Głosowanie w prawyborach, do udziału w których uprawnionych było ponad 25 tys. działaczy PO, Nowoczesnej, Zielonych i Inicjatywy Polska, rozpoczęło się o godz. 8 w piątek i zakończyło się o północy. Działacze KO wybierali między prezydentem Warszawy, wiceszefem PO Rafałem Trzaskowskim a szefem MSZ Radosławem Sikorskim.

— W prawyborach KO głos oddało 22 tys. 126 osób — powiedział premier Donald Tusk, ogłaszając wynik głosowania. — Zwycięzca uzyskał 74,75 proc. głosów — mówił premier.

Koalicję Obywatelską w wyborach prezydenckich będzie reprezentował obecny prezydent Warszawy Rafał Trzaskowski. Szef MSZ zaapelował do swoich zwolenników o bezwarunkowe poparcie Trzaskowskiego w nadchodzącej kampanii.

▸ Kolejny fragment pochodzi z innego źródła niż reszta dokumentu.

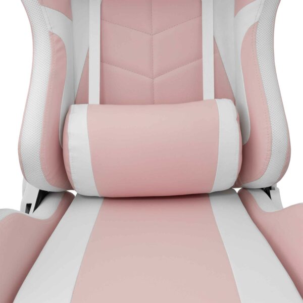 Få øget komfort med 1D-armlæn, justerbar hældningsvinkel og et hældningsområde fra 90° til 180°. Det ergonomiske design, komplet med hoved- og rygpuder, giver støtte under intense gaming-sessioner. Med et elegant lyserødt og hvidt farveskema, PU-betræk og robust metalramme tilføjer ROXY stil til dit udstyr. Installer den ultimative gaming-stol og erob alle virtuelle verdener.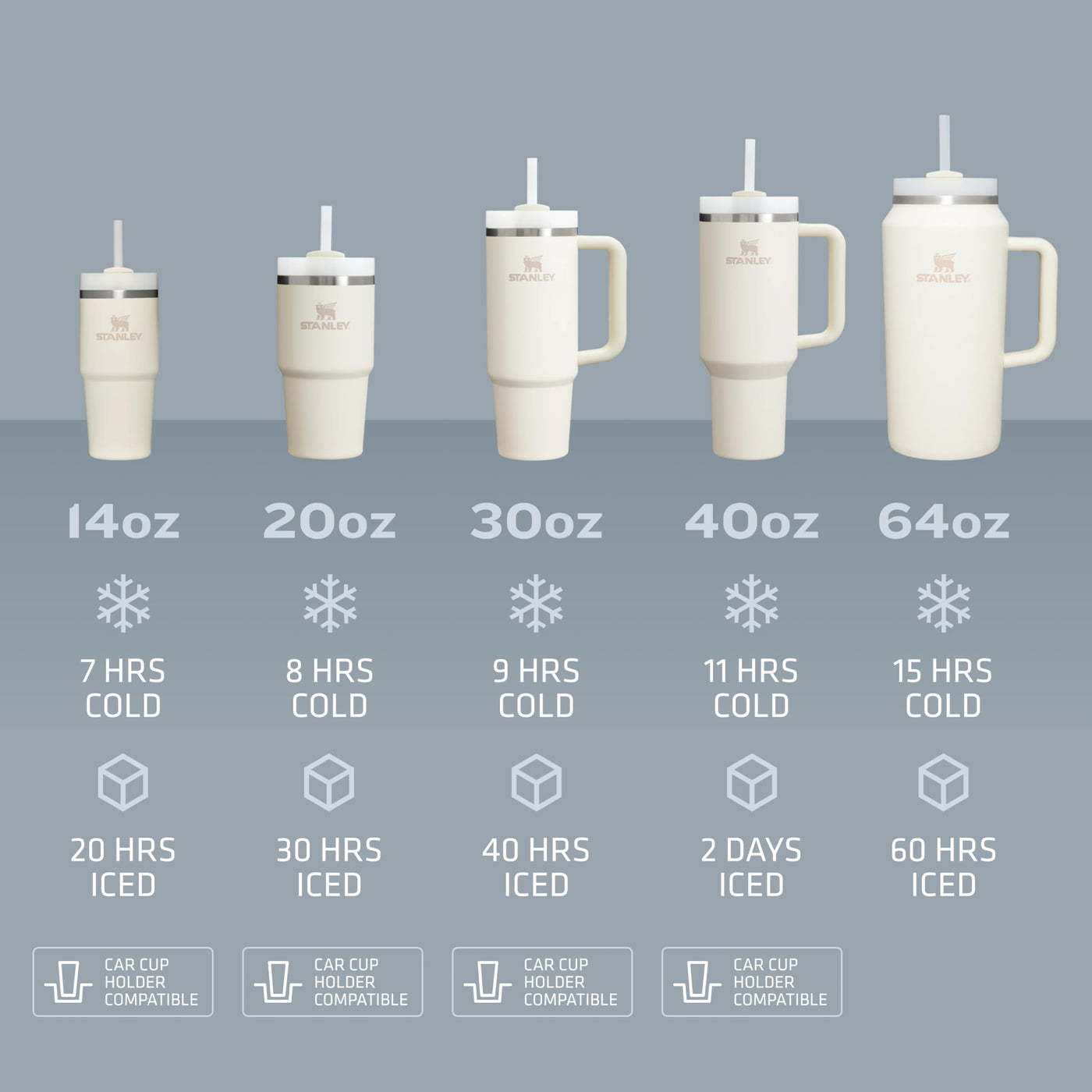 - YOUR DREAM TUMBLER: Whichever way your day flows, the H2.0 FlowState tumbler keeps you refreshed with fewer refills. Double wall vacuum insulation means drinks stay cold, iced or hot for hours. Choose between our 14oz, 20oz, 30oz,40oz and 64oz options depending on your hydration needs. The narrow base on all sizes (except 64oz) fits just about any car cup holder, keeping it right by your side.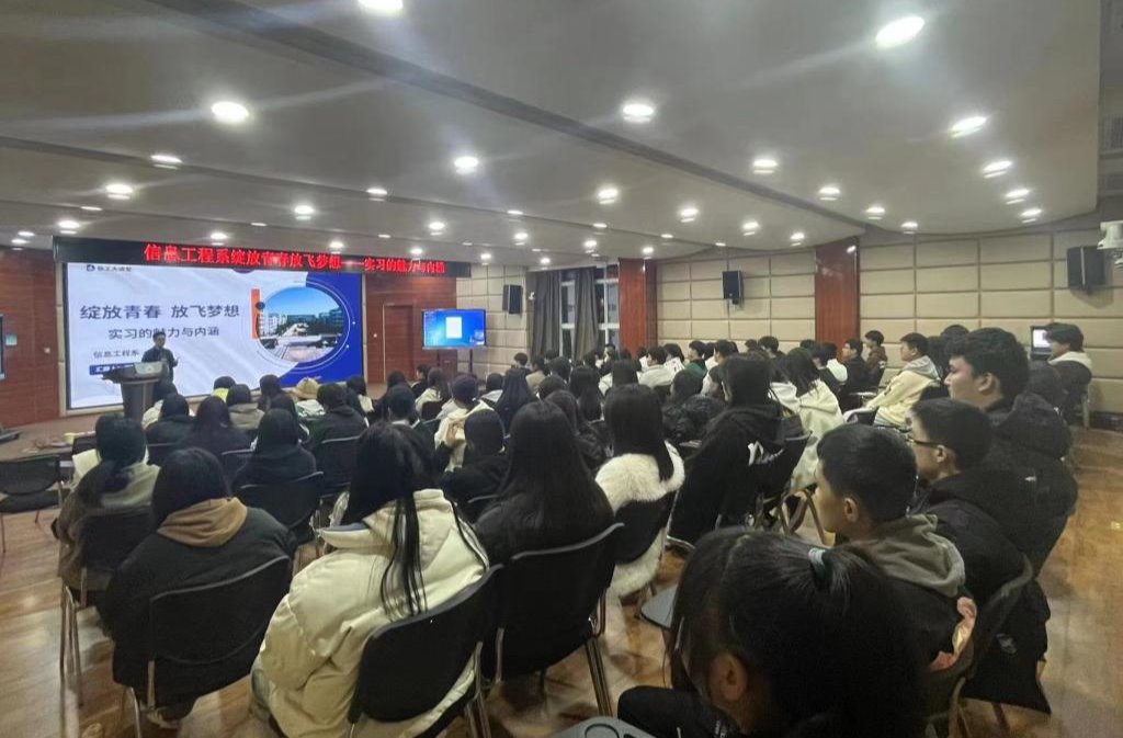 为确保2021级毕业生实习工作稳步推进,引导学生认识实习的目的和意义,信息工程系“五五四零一”活动之信工大讲坛于2月21日晚在智慧大讲堂举办。此次讲坛主题为“绽放青春,放飞梦想”,由信息工程系副主任郑波涛主讲,2021级、2022级全体学生聆听。

Dalszy ciąg materiału pod wideo

Przemysław Czarnek: to będzie bój do ostatniej chwili

— To było do przewidzenia, że wygra Rafał Trzaskowski. Myślę, że gdyby wcześniej ogłoszono prawybory w KO, to może Radosław Sikorski miałby większe szanse. Zresztą to nie ma żadnego znaczenia, bo dla nas to wszystko jedno, czy kandydatem będzie Trzaskowski, czy Sikorski. Z naszego punktu widzenia najważniejsze jest zebranie całej prawicowej sceny politycznej. To będzie klucz do zwycięstwa — mówi w rozmowie z Onetem Przemysław Czarnek.

Były minister edukacji wskazuje, że Trzaskowski może być łatwym celem, ponieważ jako prezydent stolicy ma pewien bagaż doświadczeń, który może być dla niego obciążeniem w nadchodzącej kampanii. I zapewne na tym skupi się przekaz jego głównego kontrkandydata.

— Doceniamy naszego przeciwnika, który wygrał prawybory w swojej partii. Natomiast Rafał Trzaskowski ma swoje wady i na koncie liczne kompromitacje, jako prezydent Warszawy. Nietrudno będzie je wypunktować. Natomiast niewątpliwie będzie to bój do ostatniej chwili. Nasz kandydat musi wykonać ciężką pracę, żeby zmobilizować elektorat prawicowy i pozyskać niezdecydowanych wyborców — dodaje Czarnek.

PiS postawi na Karola Nawrockiego

Polityk PiS, który oficjalnie jest jeszcze w grze, jako potencjalny kandydat, twierdzi, że nie wie, kto uzyska prezydencką nominację. Wszystkiego mamy się dowiedzieć już jutro o godz. 16 w hali „Sokół” w Krakowie.

Jak już informowaliśmy w Onecie, wszystko wskazuje na to, że bezpartyjnym kandydatem PiS będzie Karol Nawrocki. To właśnie prezes IPN, a nie Przemysław Czarnek, Tobiasz Bocheński i Mariusz Błaszczak, będzie walczył o schedę po Andrzeju Dudzie.